Although I understand Klein’s concerns, expressed in the wake of the
great depression and the holocaust, from the 1930s to the 1950s, I don’t
share his deep pessimism. The role and function, indeed, the very nature
and forms of expression of poetry have been transformed in my lifetime.
There are more poetry writing and reading poetry now than ever before in
history. While I can’t help but agreeing with much that Klein writes
about the poet, my views are more nuanced and more complex. I
approach the questions and issues Klein dealt with vis-à-vis the poet in a
very different way to him. But I mention him here because he is a useful
reference point and his sensibility is a strongly contrasting one to my
own.
I: Sir Laurens van der Post, the modern mystic and philosopher, said we
need to seek an inner voice. is this another way of defining what you are
trying to do?
P: I’m not so sure about these distinctions. I think one can make many
refined definitions of genre which can be useful. I think the central
question is “what is the writer trying to do?” Wilde, Joyce and Shaw were
trying, among other things, to define what it meant to be Irish at the turn
of the century; Twain wrote about what it was like to live on the
Mississippi River in the American south at a certain time in the
nineteenth century. I write about what it was like to be a Baha’i in the last
half of the twentieth century in Canada and Australia and, more
especially, an international pioneer.
I think the poet Jimmy Santiago Baco defines a certain central honesty
that I like to think is at the heart of my own poetry. He says he follows
what his poem is describing, what it is doing at the moment of its setting.
He follows it, as he puts it, ‘in his blood.’ His poetry, he says, lives not
only on the page but, when he reads it, he becomes the poem as it makes
and remakes his body and soul.
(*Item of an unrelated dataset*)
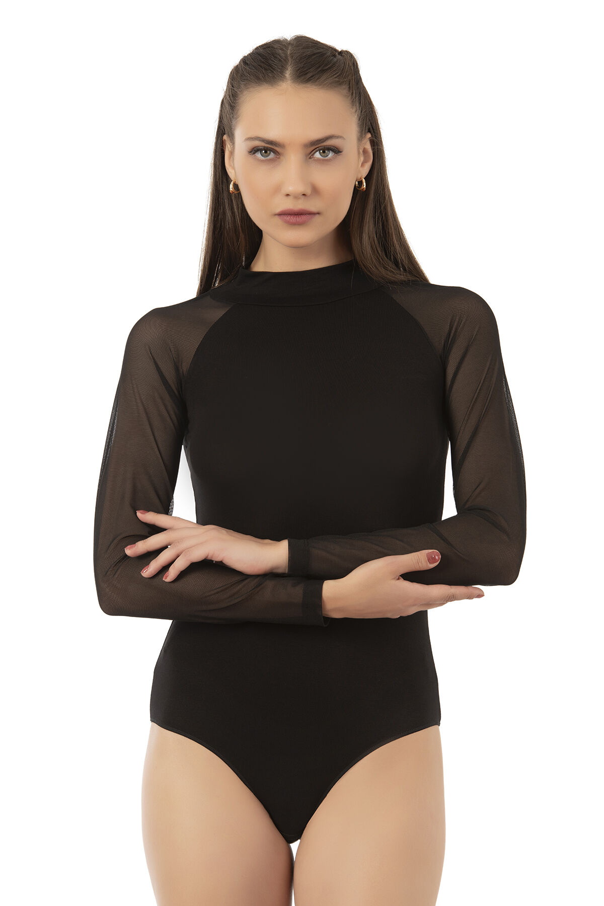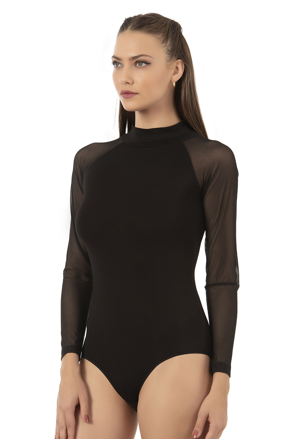 Özkan 25818 Kadın Ring Viskon Yarım Balıkçı Yaka Tül Detaylı Uzun Kollu Kancalı Çıtçıtlı Body

I like this perspective, for it is mine, too.
I: Tell us something about what you do and how much writing occupies
your life.
P: I'm driven and have been for years, although my medications soften the
edges of this drive, this activity, this focus on writing. I don't do much
else these days and haven’t since I retired from FT, PT and casual work in
the years 1999 to 2005. I don't have much of a social life and don’t want
one. I've been very circumscribed by other circumstances in my life
which keep me writing. I am a naturally social person but after half a
century(1949-1999) of a social focus, I wanted a more solitary style of
life in which I could give myself to writing, to reading, to independent
scholarship. I think I would have continued my life of endless social
pursuits if I had not tired of it by the late 1990s.